What is being asked:
Please return exactly the lines from the top of the data through the line that contains "Composé d’un cadre", and skip all pictures.

-------- Collected material --------

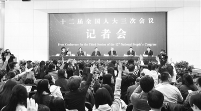 3月12日下午,十二屆全國人大三次會議新聞中心舉行記者會。圖為記者會現(xiàn)場。本報記者 李樹貴攝
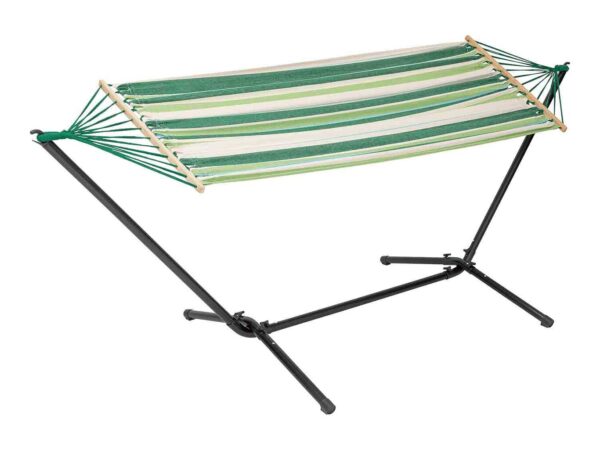 Composé d’un cadre solide fait de tubes en acier robustes et durables, ce hamac ne nécessite pas le besoin d’être attaché. Vous pouvez donc le poser n’importe où afin de profiter de celui-ci !
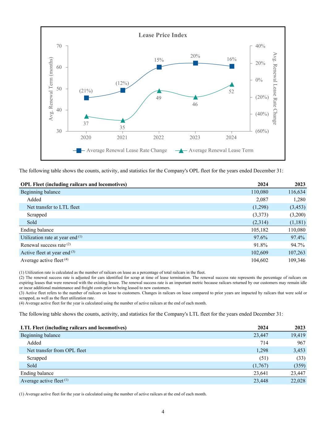 A vg . R en ew al T er m (m on th s) A vg. R enew al Lease R ate C hange Lease Price Index (21%) (12%) 15% 20% 16% 37 35 49 46 52 Average Renewal Lease Rate Change Average Renewal Lease Term 2020 2021 2022 2023 2024 30 40 50 60 70 (60%) (40%) (20%) 0% 20% 40% The following table shows the counts, activity, and statistics for the Company's OPL fleet for the years ended December 31: OPL Fleet (including railcars and locomotives) 2024 2023 Beginning balance 110,080 116,634 Added 2,087 1,280 Net transfer to LTL fleet (1,298) (3,453) Scrapped (3,373) (3,200) Sold (2,314) (1,181) Ending balance 105,182 110,080 Utilization rate at year end (1) 97.6% 97.4% Renewal success rate (2) 91.8% 94.7% Active fleet at year end (3) 102,609 107,263 Average active fleet (4) 104,602 109,346 (1) Utilization rate is calculated as the number of railcars on lease as a percentage of total railcars in the fleet. (2) The renewal success rate is adjusted for cars identified for scrap at time of lease termination. The renewal success rate represents the percentage of railcars on expiring leases that were renewed with the existing lessee. The renewal success rate is an important metric because railcars returned by our customers may remain idle or incur additional maintenance and freight costs prior to being leased to new customers. (3) Active fleet refers to the number of railcars on lease to customers. Changes in railcars on lease compared to prior years are impacted by railcars that were sold or scrapped, as well as the fleet utilization rate. (4) Average active fleet for the year is calculated using the number of active railcars at the end of each month. The following table shows the counts, activity, and statistics for the Company's LTL fleet for the years ended December 31: LTL Fleet (including railcars and locomotives) 2024 2023 Beginning balance 23,447 19,419 Added 714 967 Net transfer from OPL fleet 1,298 3,453 Scrapped (51) (33) Sold (1,767) (359) Ending balance 23,641 23,447 Average active fleet (1) 23,448 22,028 (1) Average active fleet for the year is calculated using the number of active railcars at the end of each month. 4

--------

Task answer:
 3月12日下午,十二屆全國人大三次會議新聞中心舉行記者會。圖為記者會現(xiàn)場。本報記者 李樹貴攝
 Composé d’un cadre solide fait de tubes en acier robustes et durables, ce hamac ne nécessite pas le besoin d’être attaché. Vous pouvez donc le poser n’importe où afin de profiter de celui-ci !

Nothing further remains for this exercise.